I completely agree. I built a set of 24/28 wheels w/ some very light American Classic alloy rims. They've held up okay to CX racing, training, and gravel rides, but require more truing and are a little flexy. I have another set of HED Belgium rims that are only 18/24 that stay true better and feel stiffer in the corners. The stiffness of the rim is a big part of the equation.


----------



## Tunnelrat81 (Mar 18, 2007)

Plus, don't forget that with cx or gravel tires, you're absorbing MUCH more of the abuse in the tire rather than with the rim as on high pressure road tires. In the last year or so, I built two CX/Everything wheelsets, one for a close friend, one for myself. I went 24/28 with both of them, and although we both tend to ride light, we're certainly not babying them either. I agree that HED's Belgium rim is hard to beat, if you can afford the premium. I have that rim on my road wheelset and they have been perfect. For the CX wheels, I built one with H+Son Archetype rims, and the other with DT Swiss R460 (for the tubeless compatibility). No trouble with either so far, and none expected. 

BUT...I choose my rims carefully, taking weight and strength into consideration. I wouldn't expect a light weight stans rim to be as trustworthy, which is why they weren't even on my radar with either build. 

-Jeremy


----------



## sparkie (Apr 29, 2013)

I have a set of Nox A36D with 24 hole 240's up front. I ride my gravel bike like a hardtail. No issues so far. Plenty stiff.


----------



## dcorn (Sep 1, 2011)

So lets throw another wrench in the works. I have a Crux with SCS and it seems that all the Roval/Axis wheels that fit it are 24 spoke. Hope SCS hubs, the only aftermarket option, are also 24 spoke and straight pull which is apparently not great for CX, even though SCS is mainly on CX and gravel bikes... I also weigh around 200lb and am a fairly aggressive rider, so clearly I need a strong wheel. 

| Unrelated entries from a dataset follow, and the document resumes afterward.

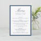 This wedding menu features “Menu” in flowing navy calligraphy, with the couple’s names, wedding date, and dining selections arranged below in classic serif type. The navy border frames the layout with a crisp, tailored feel that suits traditional, coastal, and formal weddings. The structured design and rich color palette create a refined presentation for your reception courses and place settings.
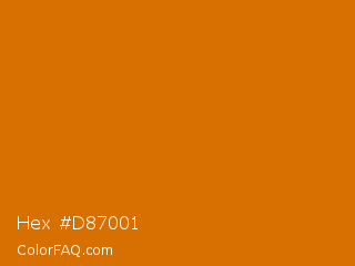 Hex #d87001 Color is a normal orange color and the nearest color is Bamboo #da6304. Hex code #d87001 and RGB value is rgb(216,112,1). In RGB color space, this color is composed of 85% red, 44% green, 0% blue, In CMYK color space, this color is composed of 0% cyan, 48% magenta, 100% yellow , 15% black , In HSL color space, this color has a hue angle of 31° , 99% saturation and 43% lightness.
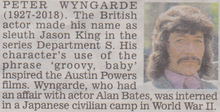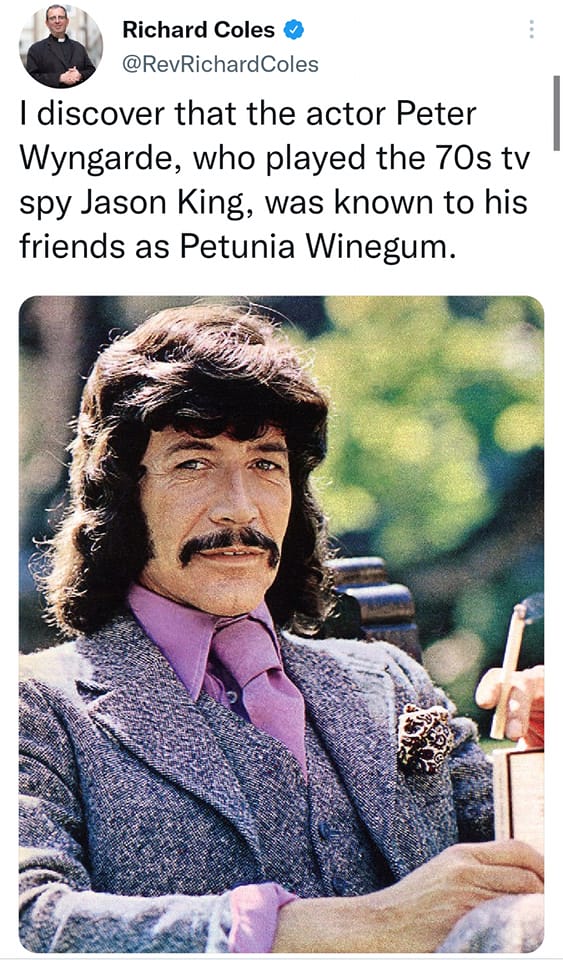 ‘Everyone who watched TV in the 1970s will have felt strangely nostalgic hearing of the death of Peter Wyngarde who played the inimitable sleuth Jason King. Nostalgic for a time when men could get away with wearing trousers whose crotches were even tighter than the massive knots around their neck. When males looked on in envy at a stunning moustache and sideburn combination they could never hope to grow, and females lusted over a handsome devil they could never hope to attract due to his being known in the business as Petunia Winegum[1]. And nostalgic for a time when hard-living actors uttered lines like Wyngarde did, which came from a real place: “A bit too early for coffee… I think I’ll have Scotch.” RIP, you suave sod.”
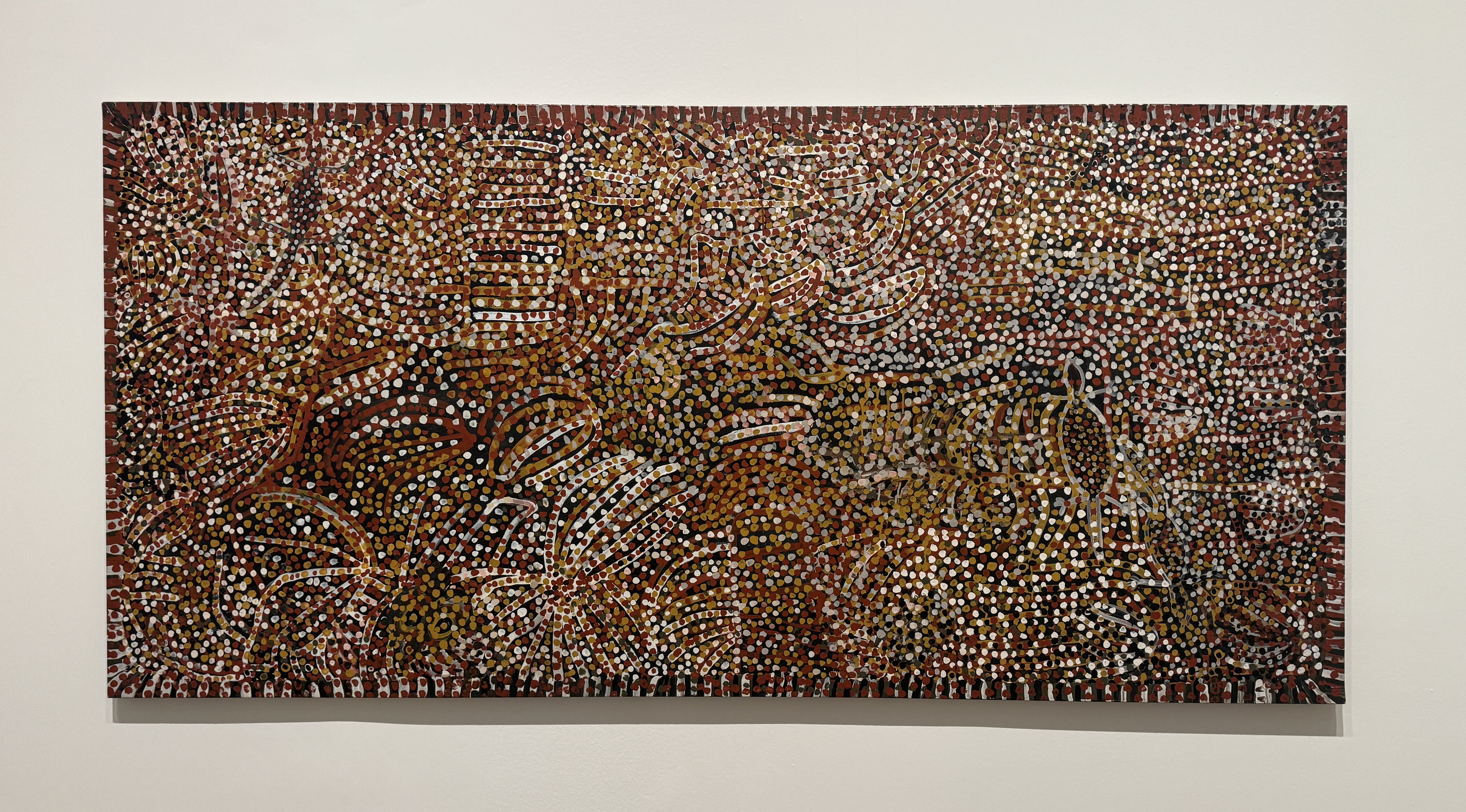 I found Wild Yam VI (1996) in the last room of the exhibit, a large canvas with lines, mostly white and yellow with bursts of pink and purple, running over a black background. As the title suggests, the painting marked something of a return for Kngwarray, “an intentional and repetitive assertion of her identity.” Her entire oeuvre consists of an acute resistance to colonization and simultaneously acts as a love story to her people, her Country. Her work is about identity, yes, but a collective one. Individual identity meant very little to her.
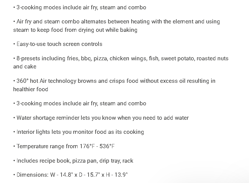 15.9 qt. 3-in-1 Air Fryer Cooking with Steam, in Black
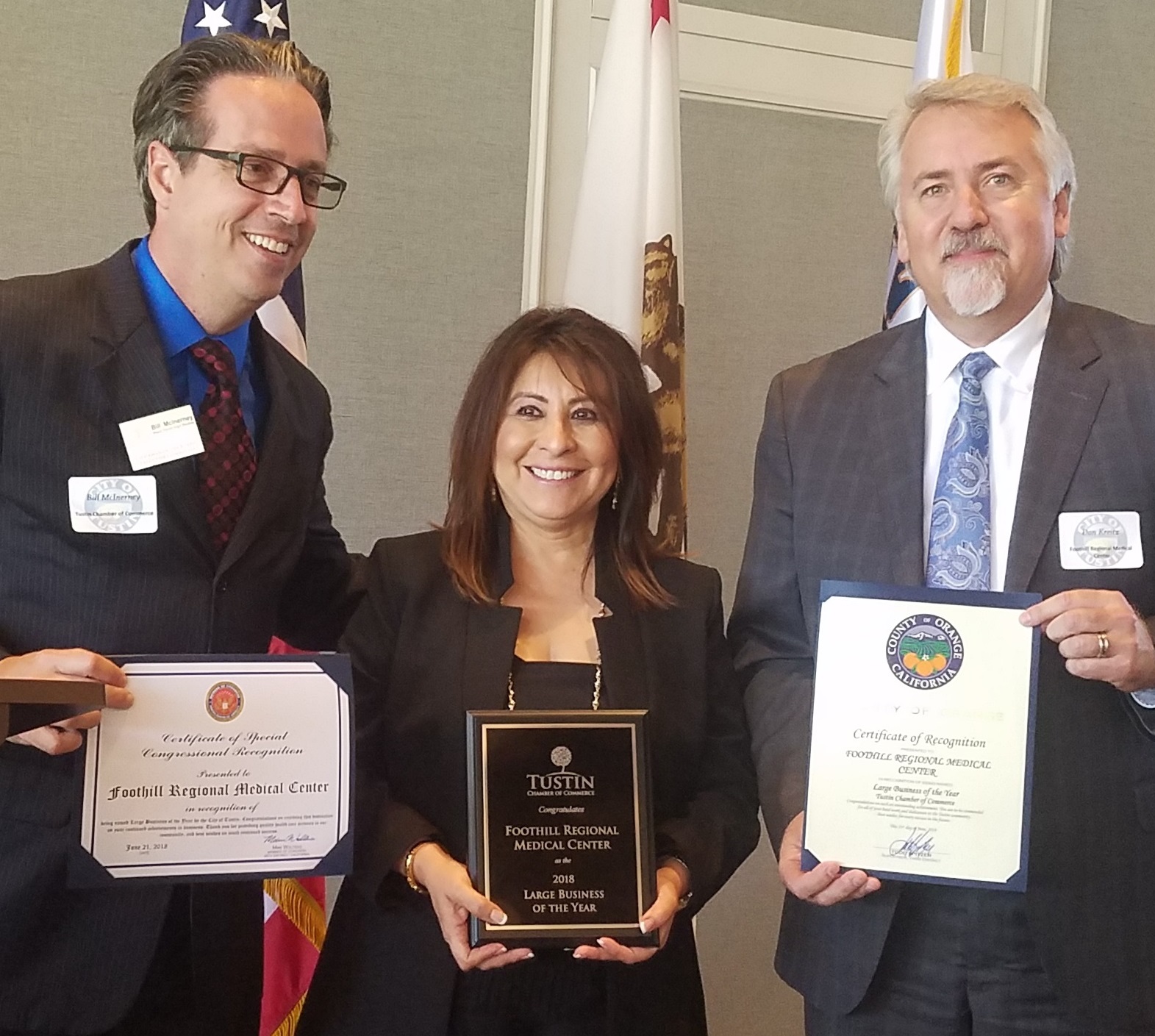 Pictured: Receiving the award on behalf of Foothill Regional Medical Center are Araceli Lonergan, CEO, with Don Kreitz,…

The bike came with Axis 4.0 wheels that are 24 spoke and may already be pinging with loose spokes after 4 races and a few gravel rides. I like the rims which are 21mm internal width and tubeless compatible. Is there any way to make the wheels stronger? If I laced up the factory hub to something like a Stan's Grail rim, would that provide enough stiffness to make up for the lack of spokes?


----------



## MudSnow (Sep 18, 2015)

dcorn said:


> So lets throw another wrench in the works. I have a Crux with SCS and it seems that all the Roval/Axis wheels that fit it are 24 spoke. Hope SCS hubs, the only aftermarket option, are also 24 spoke and straight pull which is apparently not great for CX, even though SCS is mainly on CX and gravel bikes... I also weigh around 200lb and am a fairly aggressive rider, so clearly I need a strong wheel.


This might be what you need. It's a narrow chainline hub available with 32 holes and 12x135 axle. It could be laced with 32 spokes or use the rim you have with 16 drive-side spokes to equalize the tension.

Hubs-BDop R135-11


----------